EXERCISE INPUT:
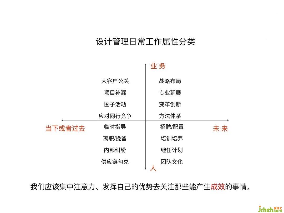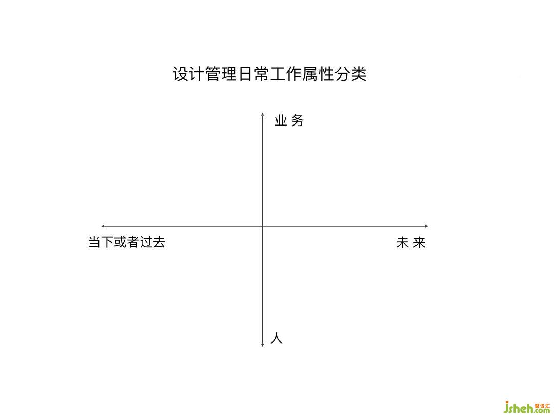 這個(gè)是我做的關(guān)于一個(gè)設(shè)計(jì)公司管理者的日常工作屬性分類(lèi)。為什么大家現(xiàn)在會(huì)對(duì)未來(lái)充滿(mǎn)迷茫和焦慮,是因?yàn)槲覀冏鳛楣窘?jīng)營(yíng)者把更多的精力放在了過(guò)去和當(dāng)下,而沒(méi)有立足于未來(lái)去做布局。
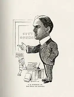 His son Charles Hiram Burnett Jr. was a Seattle City Councilor, President of the Seattle City Council and Acting Mayor of Seattle. Burnett officiated at the grand opening of Pike Place Market with fellow City Councilor Thomas P. Revelle.
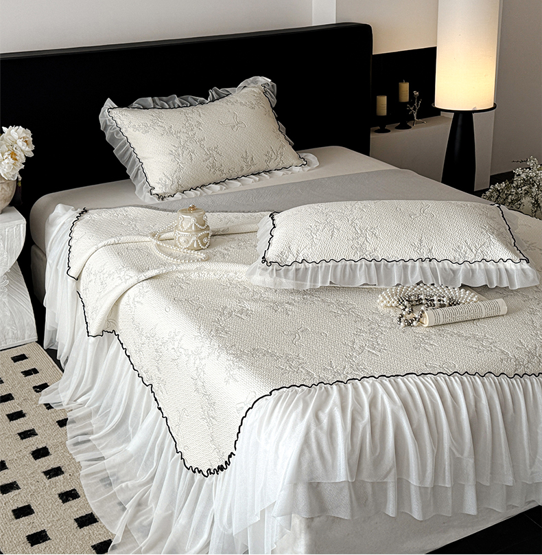 商品名称:(总)羚羊语家纺 2026新款韩式PE提花凉泡泡席床裙款中分子【凉感值>2.0】花边乙纶冰豆豆夏季凉感冰丝软席三件套
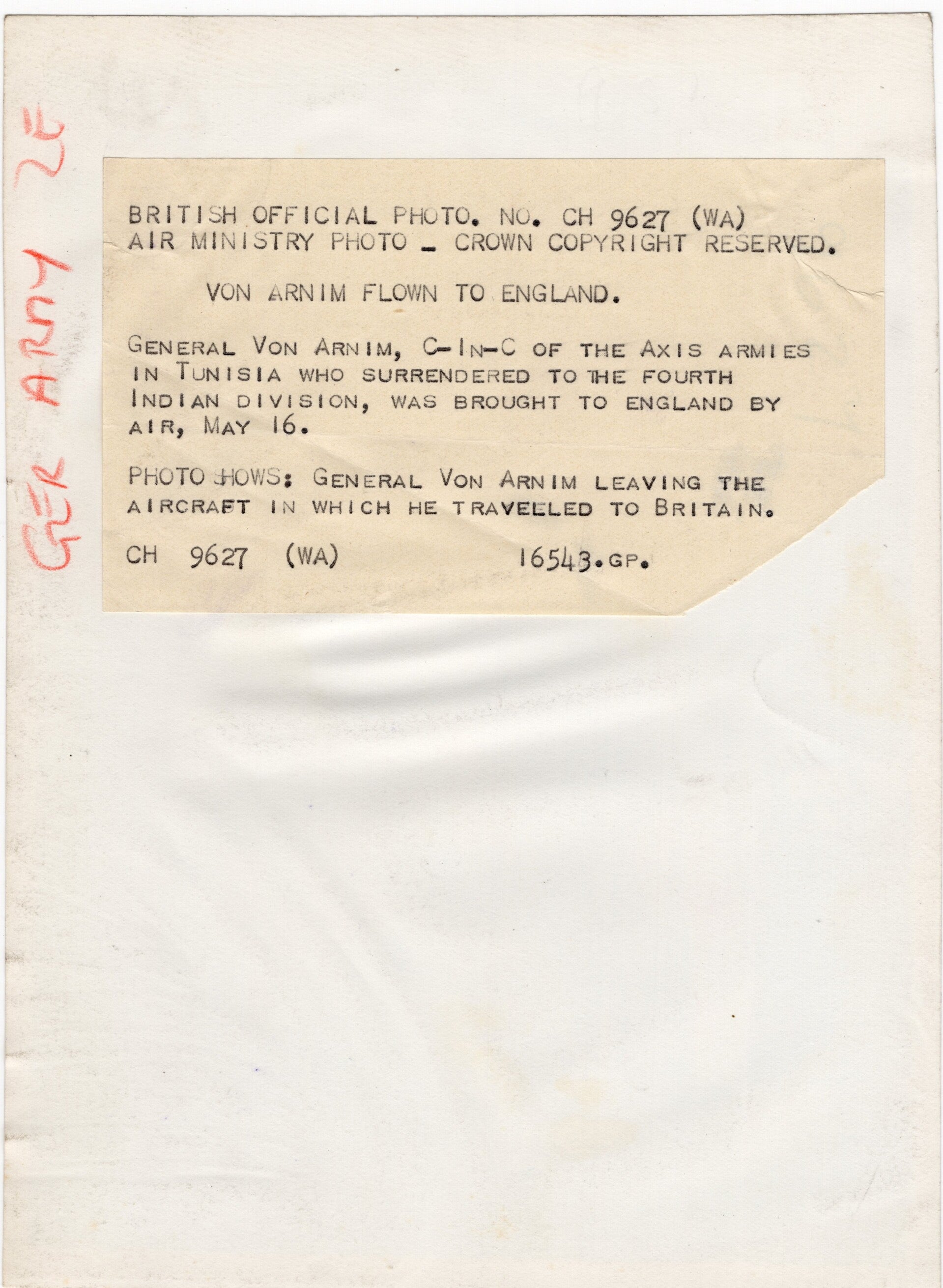 Originele Wo2 Britse Persfoto - Gevangengenomen POW Generaal Hans-Jürgen von Arnim aangekomen in Engeland (1944)
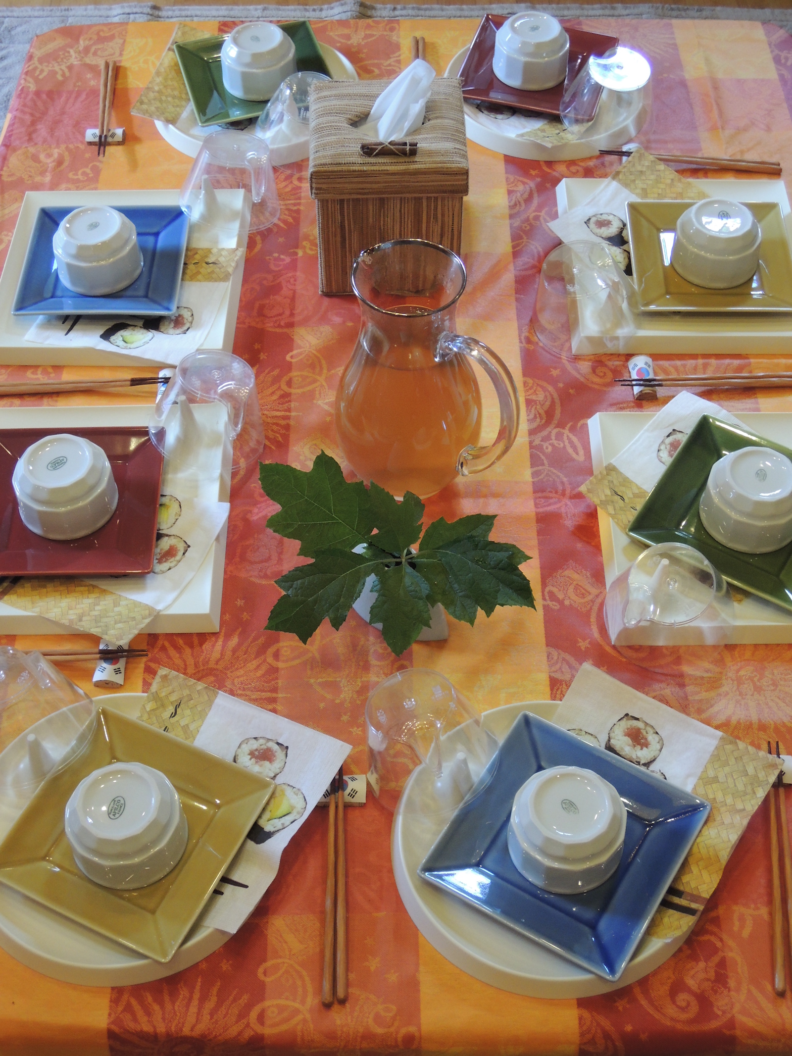 今日のテーブル、韓国式にお箸を縦置き、お箸置は韓国国旗。
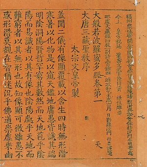 南宋(12世纪)《一切经》又称《大藏经》。醍醐寺藏宋版《一切经》现存六千零九十六帖,其中除《大般若经》六百五十五帖为开元寺版,其余《一切经》皆为东禅寺版。每函约十帖。经书刻成每行十七字格式的六行折帖,以绀色的纸张装订。这种每行十七字和折帖的形式,成为后来宋、元、明、清各朝官、私版本大藏经的规范格式。
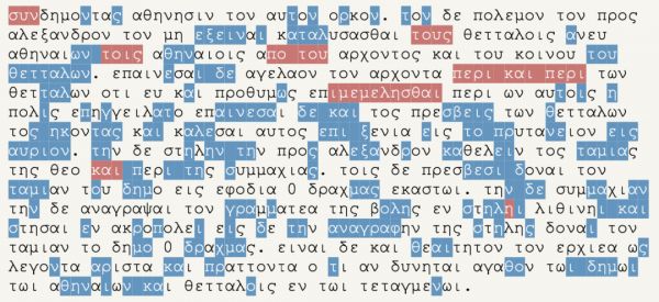 放眼历史长河,尽管这两个数字看起来差别不大,但这些法令对当前人类理解古雅典的政治史是至关重要的。此外,历史学家们也与 Ithaca 一起,重新复原了希腊历史上一次关于雅典卫城的法令。
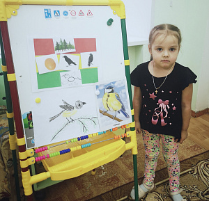 Воспитатель: А сейчас давайте снова возьмём по одной карточке с птицей и сыграем в игру «Светофор». Я называю сигнал, а вы должны на красный сигнал назвать место обитания, на жёлтый – изобразить птицу: «полетать», издать звуки (почирикать, покаркать), на зелёный – сказать, из каких частей она состоит. (Дети берут по одной карточке с изображением птицы и по очереди отвечают в зависимости от сигнала, который им показал воспитатель.)

TASK DESCRIPTION:
When you copy the listing, keep every line exactly as it is but leave out all images.

EXERCISE OUTPUT:
 這個(gè)是我做的關(guān)于一個(gè)設(shè)計(jì)公司管理者的日常工作屬性分類(lèi)。為什么大家現(xiàn)在會(huì)對(duì)未來(lái)充滿(mǎn)迷茫和焦慮,是因?yàn)槲覀冏鳛楣窘?jīng)營(yíng)者把更多的精力放在了過(guò)去和當(dāng)下,而沒(méi)有立足于未來(lái)去做布局。
 His son Charles Hiram Burnett Jr. was a Seattle City Councilor, President of the Seattle City Council and Acting Mayor of Seattle. Burnett officiated at the grand opening of Pike Place Market with fellow City Councilor Thomas P. Revelle.
 商品名称:(总)羚羊语家纺 2026新款韩式PE提花凉泡泡席床裙款中分子【凉感值>2.0】花边乙纶冰豆豆夏季凉感冰丝软席三件套
 Originele Wo2 Britse Persfoto - Gevangengenomen POW Generaal Hans-Jürgen von Arnim aangekomen in Engeland (1944)
 今日のテーブル、韓国式にお箸を縦置き、お箸置は韓国国旗。
 南宋(12世纪)《一切经》又称《大藏经》。醍醐寺藏宋版《一切经》现存六千零九十六帖,其中除《大般若经》六百五十五帖为开元寺版,其余《一切经》皆为东禅寺版。每函约十帖。经书刻成每行十七字格式的六行折帖,以绀色的纸张装订。这种每行十七字和折帖的形式,成为后来宋、元、明、清各朝官、私版本大藏经的规范格式。
 放眼历史长河,尽管这两个数字看起来差别不大,但这些法令对当前人类理解古雅典的政治史是至关重要的。此外,历史学家们也与 Ithaca 一起,重新复原了希腊历史上一次关于雅典卫城的法令。
 Воспитатель: А сейчас давайте снова возьмём по одной карточке с птицей и сыграем в игру «Светофор». Я называю сигнал, а вы должны на красный сигнал назвать место обитания, на жёлтый – изобразить птицу: «полетать», издать звуки (почирикать, покаркать), на зелёный – сказать, из каких частей она состоит. (Дети берут по одной карточке с изображением птицы и по очереди отвечают в зависимости от сигнала, который им показал воспитатель.)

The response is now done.